The company had built a superb, well-staffed training center in anticipation of the scenario described earlier. It had mechanical, electrical, and instrument training workshops and classrooms. We had a very capable training manager and qualified and experienced expatriate trainers.

I had two experienced expatriate field trainers to help in this program. They acted as mentors to the trainees.

Training Strategy

The trainees knew almost nothing of the theory or the practical skills required of them. In one sense, this was an advantage. Starting with a clean slate, we could give them just the skills and theory they needed. We decided to use a structured approach to the training program. It would include a ' training needs' analysis, a suitable set of training packages to fill the gaps, tests to establish competence, and on-the-job training to provide confidence. Close alignment between theory classes and practical training in the plant were necessary to promote rapid learning. Competence testing, recording, and followup were essential.
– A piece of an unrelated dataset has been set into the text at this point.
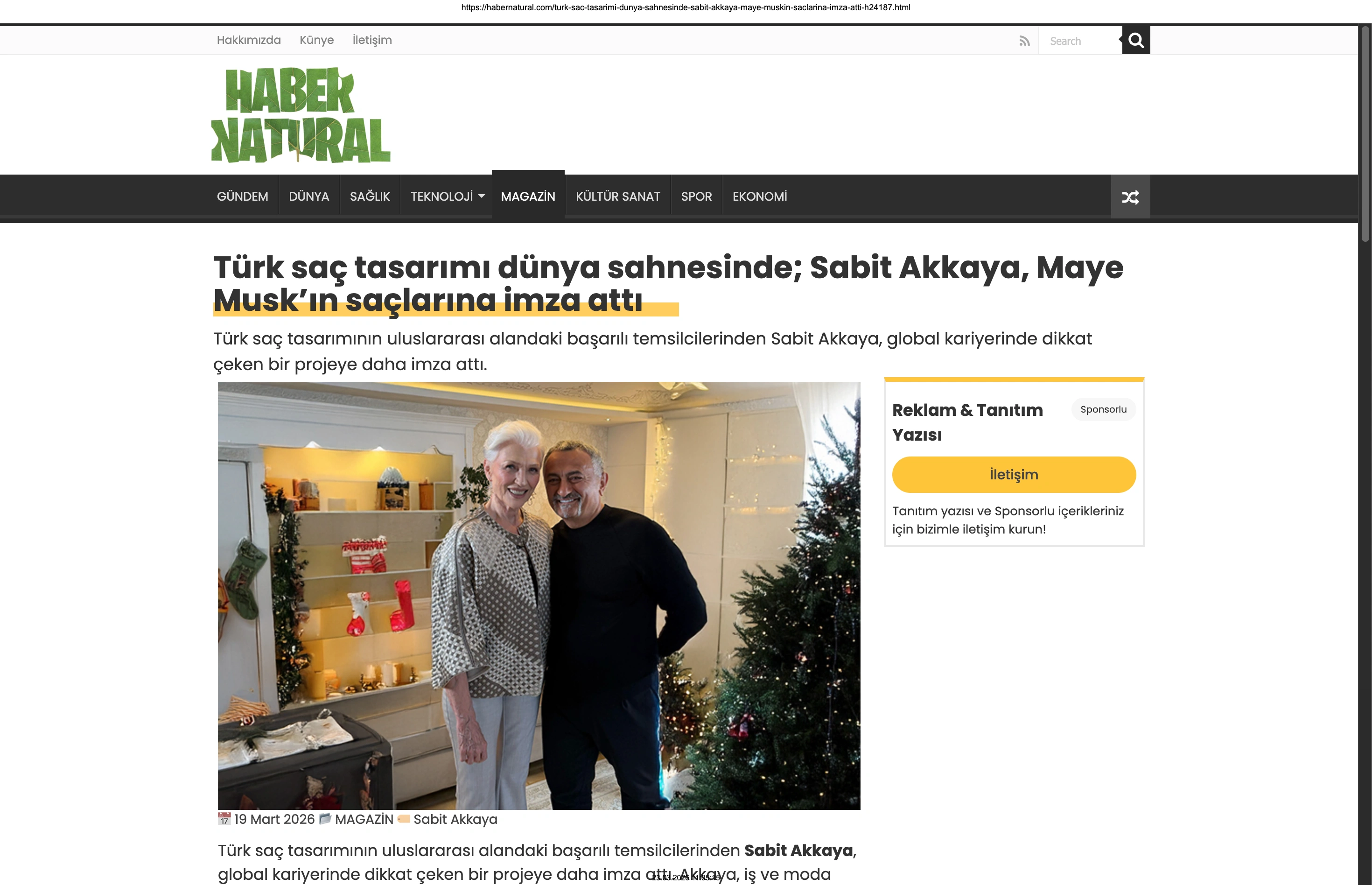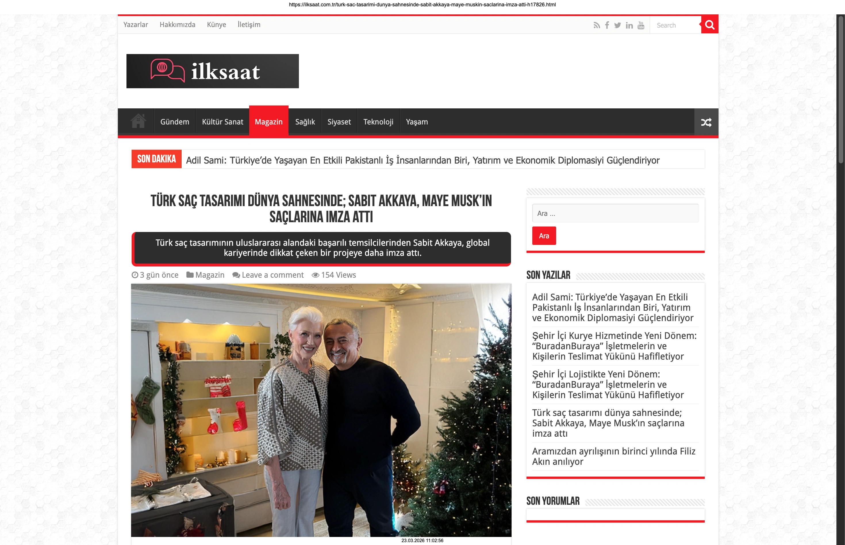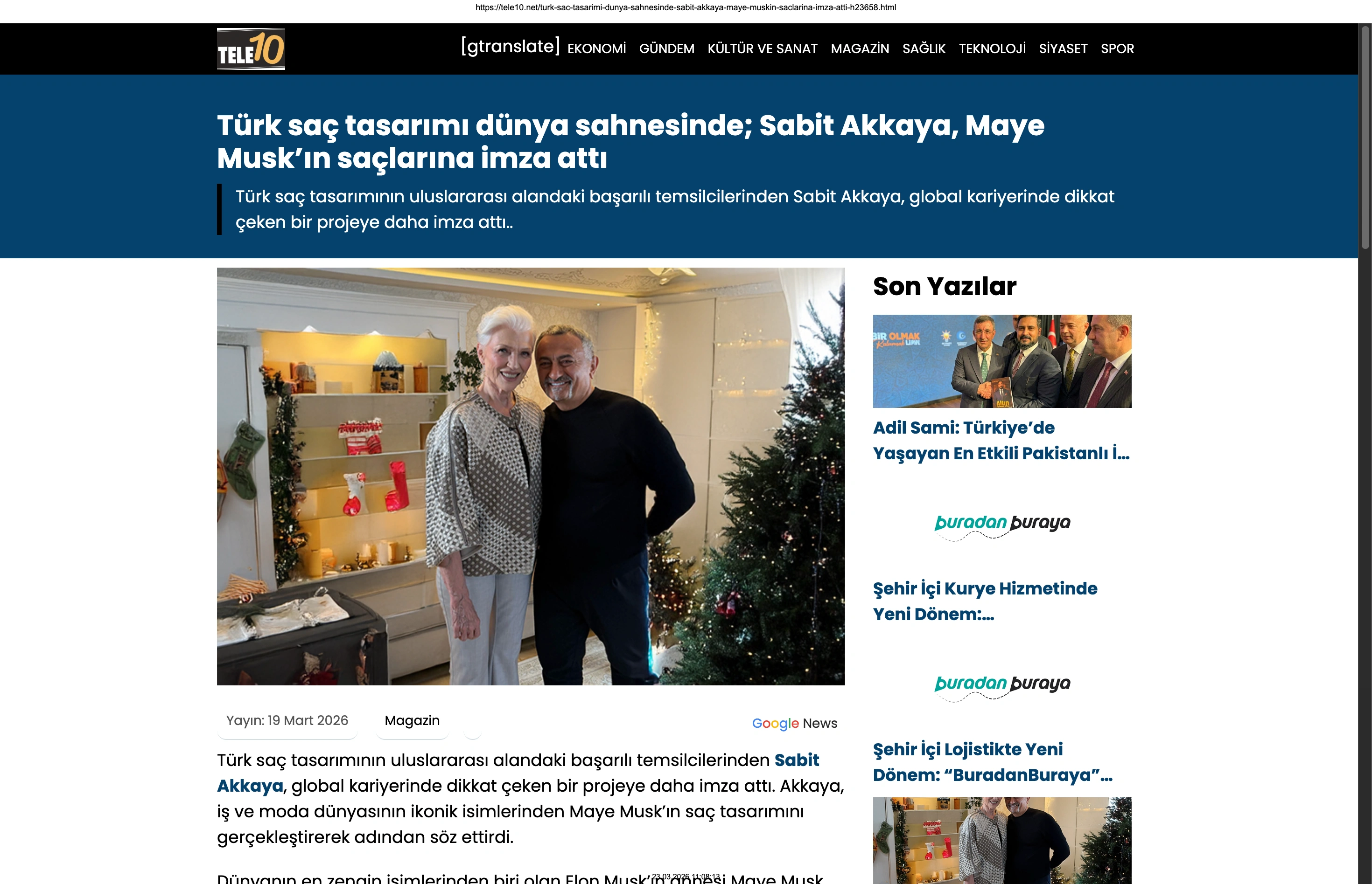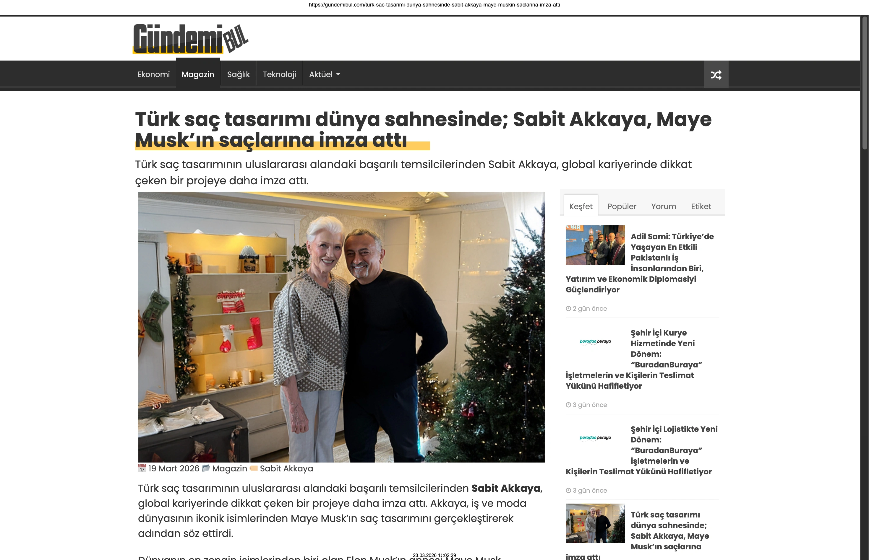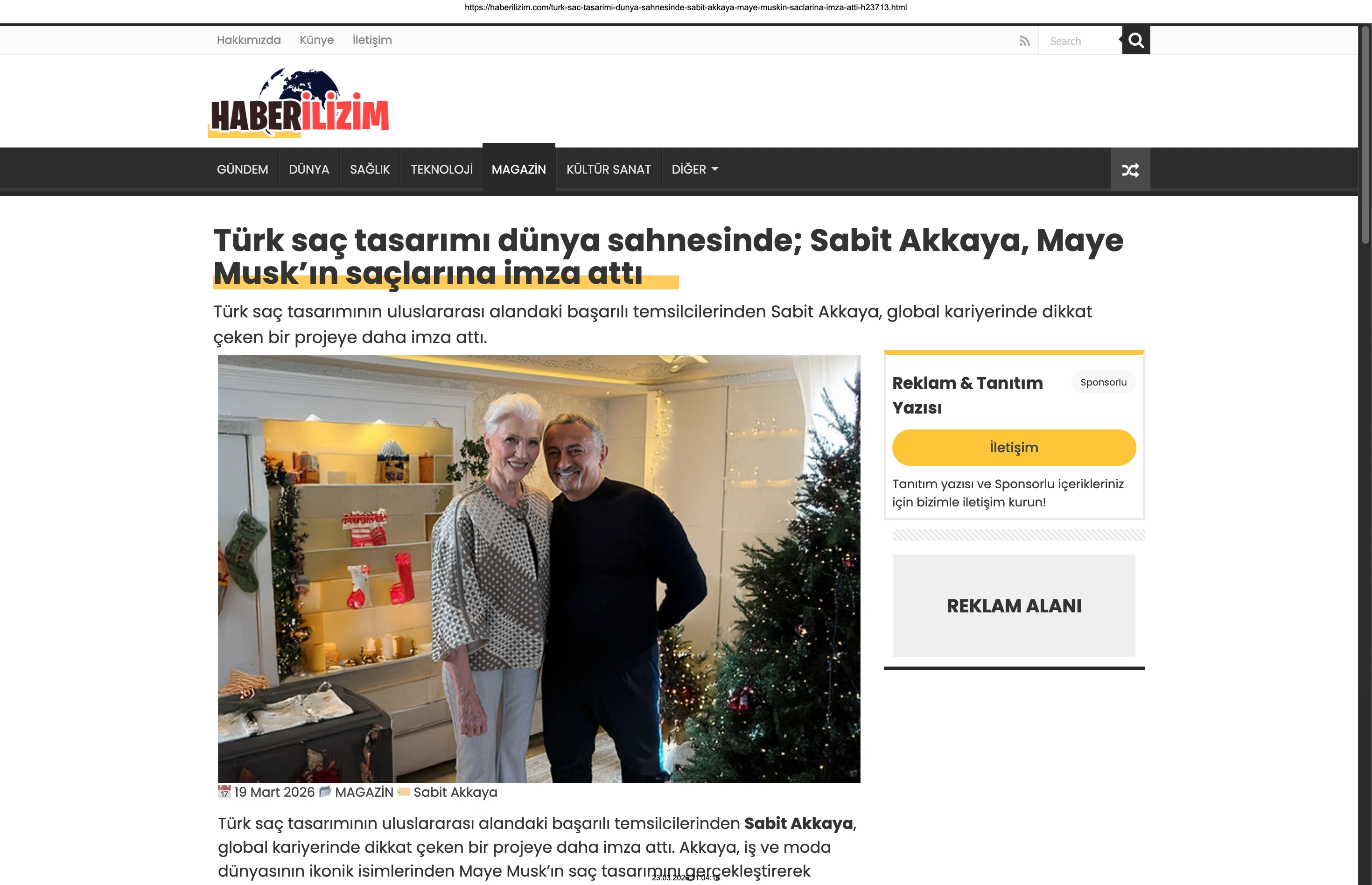 Basında Büyük Yankı Uyandırdı Bu gurur verici buluşma, basında da geniş yer buldu. Magazin gündeminin nabzını tutan platformlardan Magazinname, bu özel anı okuyucularına "Türk saç tasarımı dünya sahnesinde: Sabit Akkaya, Maye Musk'ın saçlarına imza attı" başlığıyla duyurdu. Uluslararası arenada markamızın ve ülkemizin adını duyurmak, vizyonumuzu ve tasarımlarımızı böylesine önemli isimlerle buluşturmak bizim için büyük bir motivasyon kaynağı.

We estimated that by the end of the first year of training, we would build up a fair level of expertise and skills. In order to bridge the demand during this period, we hired technicians from the main construction contractor. They would do the bulk of the maintenance work during the first year, while our trainees would assist as apprentices. At the end of the first year, we extended this contract to retain about 40% of the contractor's staff for one more year.

Training Process

We had 60 mechanical trainees and 12 civil engineering trainees. Every week, 12 of these 72 men would be in the training center. Here they would learn basic theory and do some exercises in the training workshop. For example, in one week, they might learn simple trigonometry in the classroom, and do some alignment exercises in the workshop. Next week, they would be back in the plant. The field trainer followed this up closely by giving them practical alignment exercises. We followed a similar approach with machinists, welders, and other craftsmen.

Electrical and instrument trainees pursued a similar process.